Arbitration, Perry said, is still “a viable place” to bring a claim. “I don't turn people away because they signed an arbitration agreement. The Supreme Court decision was a real setback, but we're not going out of business. My phones are still ringing.”
In California, collective claims from employees are permitted under the California Private Attorneys General Act.
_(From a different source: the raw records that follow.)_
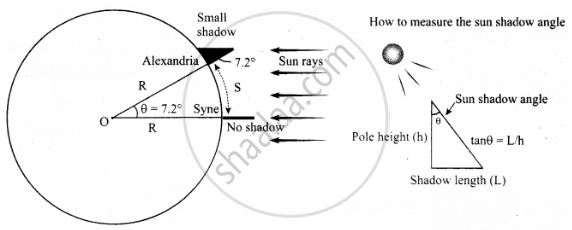 Eratosthenes observed that during noon time of summer solstice the Sun’s rays cast no shadow in the city Syne. It was located 500 miles away from Alexandria. On the same day and the same time, he found that in Alexandria the Sun’s rays made an angle of 7.2 degrees with local verticals as shown in the figure. He realized that this difference of 7.2 degrees was due to the curvature of the Earth.
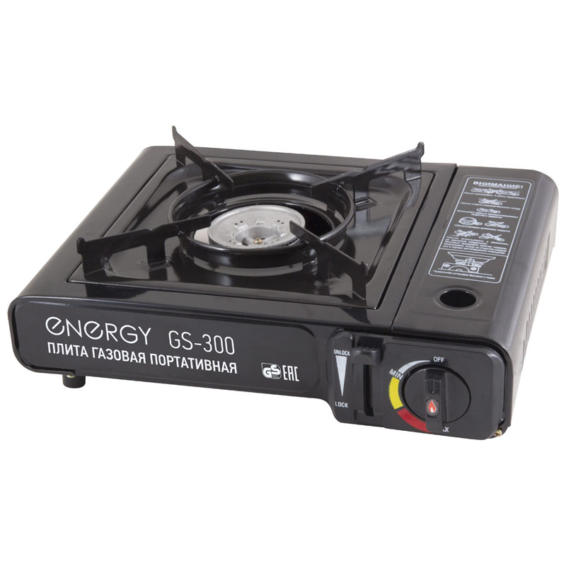 Плита газовая портативная ENERGY GS-300 (кейс)С пьезоподжигом.С регулятором пламени.Плитка походная. Работает от стандартного цангового баллона-картриджа со смесью бутана и пропана (или изобутаном).Цельнолитая горелка.Защита от утечки газа.Защита от неправильной установки баллона.Двойная изоляция клапана подачи газа.Защита от подачи газа повышенного давления.Размеры (в кейсе): 350*300*95 мм.Размеры вне кейса: 340*280*115 мм.Кейс в подарок!Мощность 8000BTU (2,5 кВт).Температура до +700°C.Расход газа: до 155 г/час.
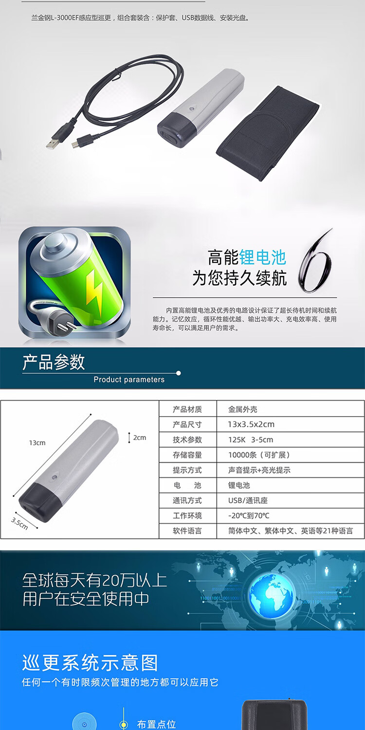 槨俊巡更棒--L-3000EF保安巡邏打點器巡更機巡更器巡檢儀電子巡更系統(tǒng)巡蘭德華云巡6實時照明巡更機4G手機微信查看保安巡更
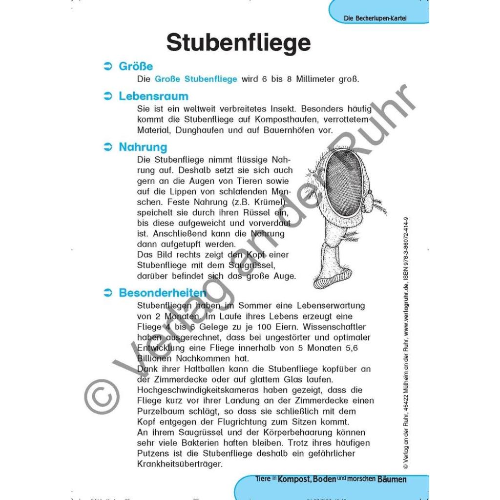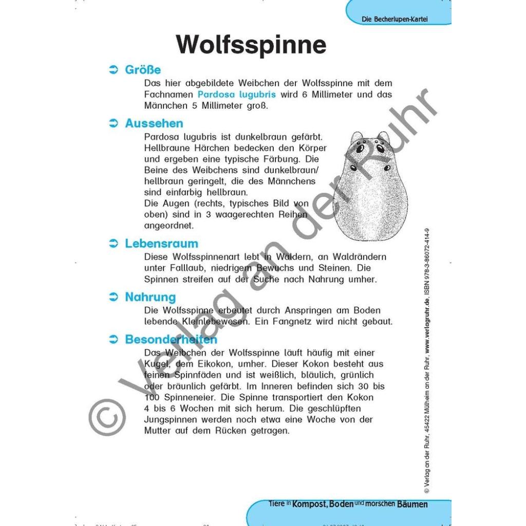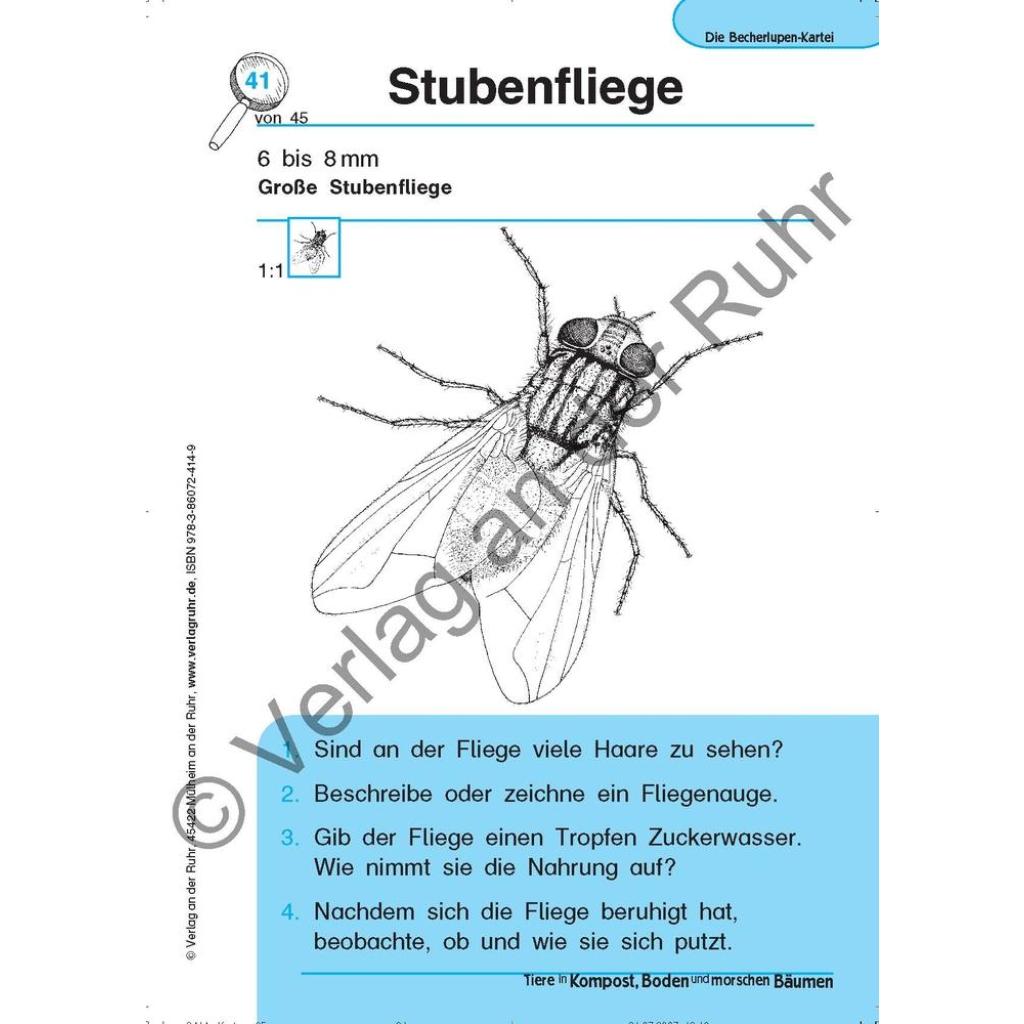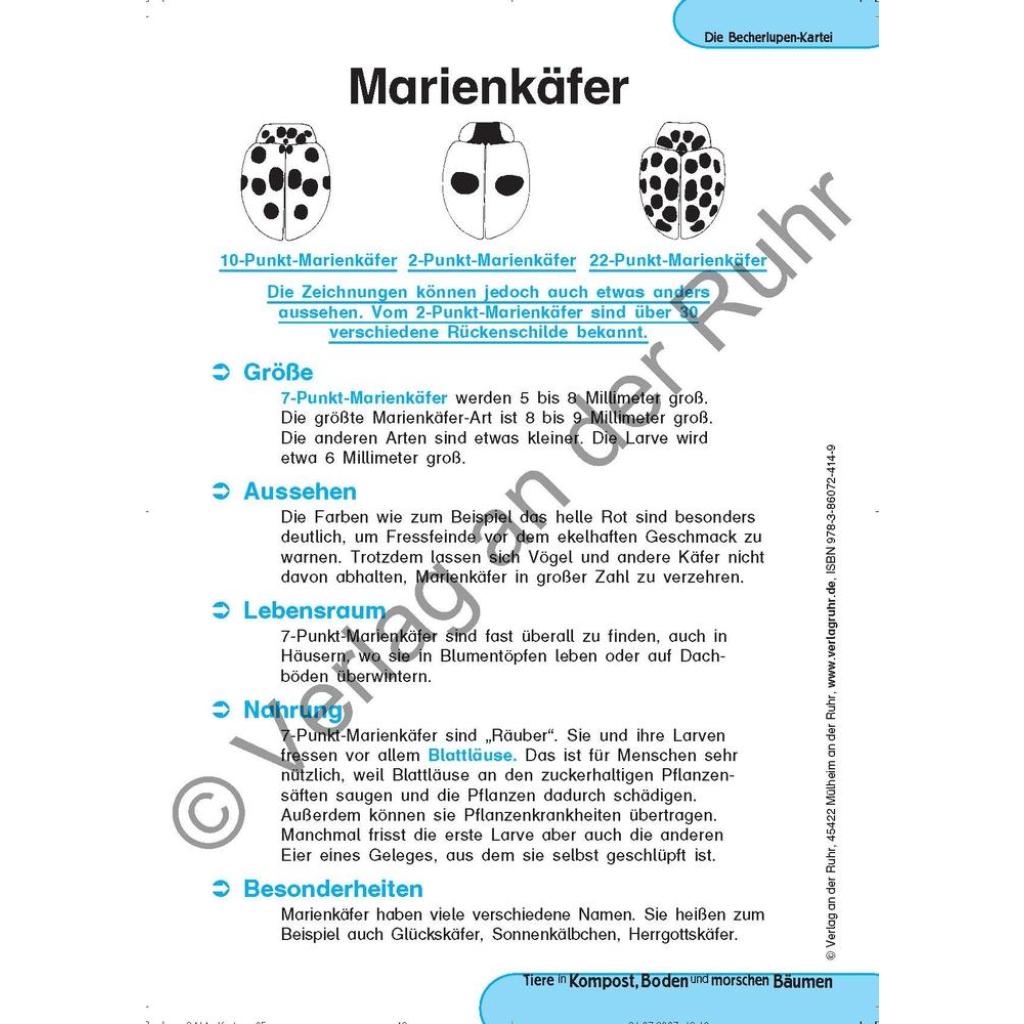 Fremde Welten direkt vor der Haustür: Unter Steinen, im Kompost oder in morschen Bäumen leben Wesen, deren Formen genauso abenteuerlich sind wie ihre Namen: Saftkugler, Steinkriecher, Springschwanz. Es lohnt sich, sie genauer unter die Lupe zu nehmen, auch wenn sie schon bekannter sind wie der Regenwurm, die Fliege oder der Ohrwurm. Denn je besser Kinder ihre Umwelt kennen, um so mehr werden sie sie schätzen und schützen wollen. In der Becherlupe wird jedes Kleintier zur abenteuerlichen Entdeckung. Erst einmal helfen die präzisen Zeichnungen auf den Karten beim Bestimmen der Tiere. Damit aber auch bei den großen Kleintieren nichts übersehen wird, finden die Kinder auf den Karteikarten viele Infos und viele Anregungen für Beobachtungen: Wo findet man die Borstenpaare des Regenwurms? Wie pflanzen sich Regenwürmer fort? Wie atmet die Landassel? Was frisst ein Steinkriecher? Alle Texte sind kindgerecht und bewusst einfach gehalten. Die A5-Karten sind dreck- und feuchtigkeitsabweisend, sodass Ihrer Expedition zu den fremden Welten vor der Haustür nichts mehr im Wege steht. Einsetzbar in Schule, privat oder in der Naturschutzarbeit.
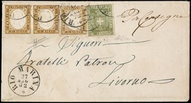 1862 - 5c verde oliva (sfiorato a sinistra) in affrancatura mista con Sardegna IV emissione, 10c bistro oliva, [..]
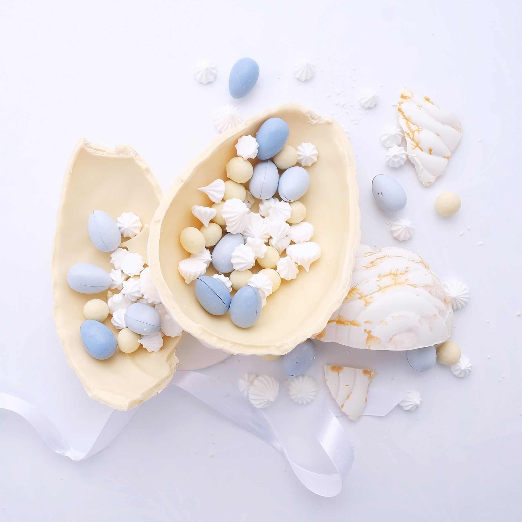 Яйцо выполнено из премиального французского белого или молочного швейцарского шоколада Felchlin.
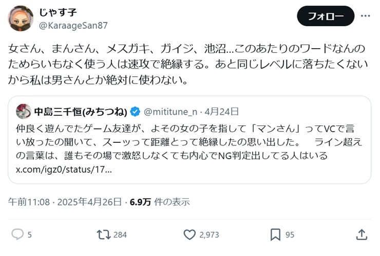 5 名前:ここからは表現の自由でイカせていただきます 投稿日時:2025/04/27(日) 13:10:58.715 ID:MZfXwyMCM
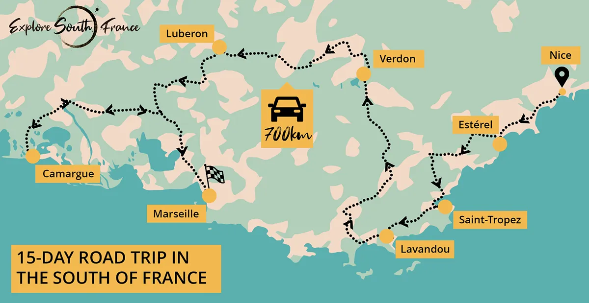 Of course, there are countless possible itineraries, but we hope this detailed schedule will help you prepare your 15-day road trip in south of France. You can adjust it to your taste, skip stops for a more relaxing holiday, or add more if youโre eager to discover everything, just like us !
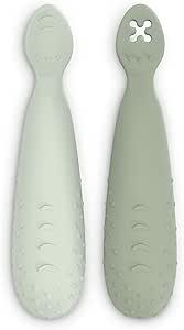 Suavinex, Pack de 2 Pré-cuillères d'Apprentissage, Cuillères 1er Age en Silicone, avec Pointe Plate Texturée, Ergonomiques, Forme Symétrique, Compatibles Lave-Vaisselle, +6 Mois, Vert, 2 Unités
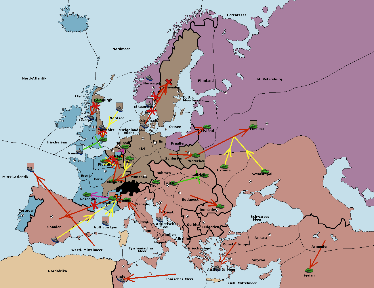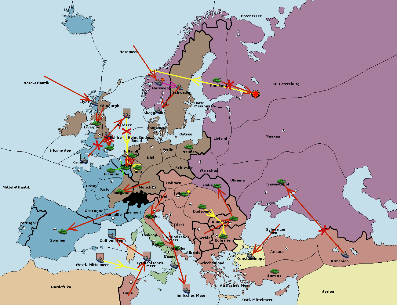 • Die Armee in Bulgarien wird zerstörtFlotte in Bulgarien gebaut.
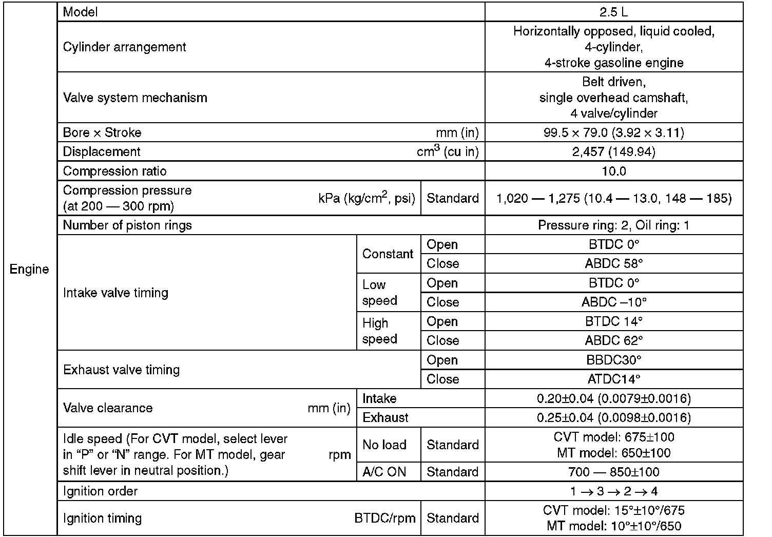 Outback F4-2.5L SOHC

The California Supreme Court has held that class action waivers don't apply to statutory claims brought under that act.
“What the plaintiffs bar is doing in response is they drop all the class claims so they're not forced into arbitration and all the individual claims and they bring claims on behalf of all workers under the California private attorney general act,” said James Evans Jr., partner at Alston & Bird in Los Angeles. “Most of the money recovered goes to the state so there's no real upside for individual employees. This is really a plaintiff bar-inspired strategy.”
Evans said the logic of the Supreme Court's decision Monday in Epic Systems should apply to the management-side employment bar's ongoing effort to overturn the California Supreme Court decision.
Where estoppel, Congress and state and local laws might fall short, there is the refrain from Ginsburg's dissent—”strength in numbers.” But in a different way, said Cyrus Mehri of Washington's Mehri & Skalet, the civil rights firm.
“I think there are pockets of workers who have more leverage here,” Mehri said. “Law students at elite law schools are asking for transparency from big law firms—whether they have forced arbitration. People who are in demand, like those in tech, if they organize, they can ask for transparency. It's a form of accountability.”
Big companies that are federal contractors were barred from having forced arbitration under an Obama administration executive order, Mehri said. President Donald Trump rescinded it, but another Democratic or moderate Republican president could reinstate it, he added.
“If you're a general counsel to a federal contractor, you can't with certainty feel this landscape has been resolved,” Mehri said. “What are you going to do? Have it in place this year but not for another year? It creates chaos.”